Stored data: Begin

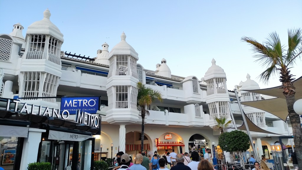 No podía olvidarme del Puerto Marina de Benalmádena, con su estilo elegante, adornado por almenas y detalles árabes, un buen lugar para pasear y degustar la cocina malagueña.
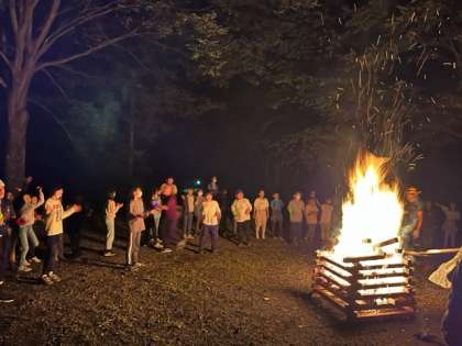 キャンプファイヤーが無事に終わりました。直前に雨が降り実施が心配されましたが、外で行うことができました。森のキツツキさん、ピヨピヨちゃん、猛獣狩りに行こうよ、マッチョマン、ジンギスカン、最後はウルトラソウルをみんなで歌って盛り上がりました。火の神様から分けてもらった火を平和のために使うと約束してくれました。レク係の皆さん盛り上げてくれてありがとうございました。
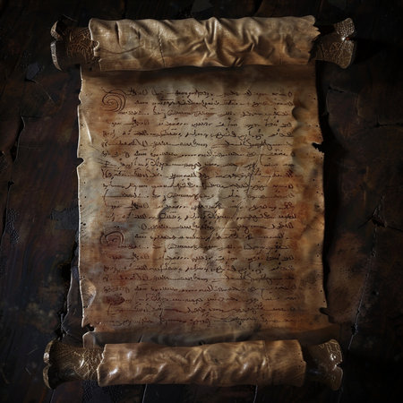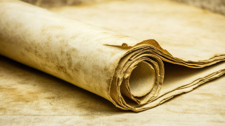 This image showcases an ancient scroll made from aged parchment, featuring faded text that evokes a sense of history. Ideal for cultural and educational use.

Stored data: End

Repeat the listing above exactly, with no pictures.

 No podía olvidarme del Puerto Marina de Benalmádena, con su estilo elegante, adornado por almenas y detalles árabes, un buen lugar para pasear y degustar la cocina malagueña.
 キャンプファイヤーが無事に終わりました。直前に雨が降り実施が心配されましたが、外で行うことができました。森のキツツキさん、ピヨピヨちゃん、猛獣狩りに行こうよ、マッチョマン、ジンギスカン、最後はウルトラソウルをみんなで歌って盛り上がりました。火の神様から分けてもらった火を平和のために使うと約束してくれました。レク係の皆さん盛り上げてくれてありがとうございました。
 This image showcases an ancient scroll made from aged parchment, featuring faded text that evokes a sense of history. Ideal for cultural and educational use.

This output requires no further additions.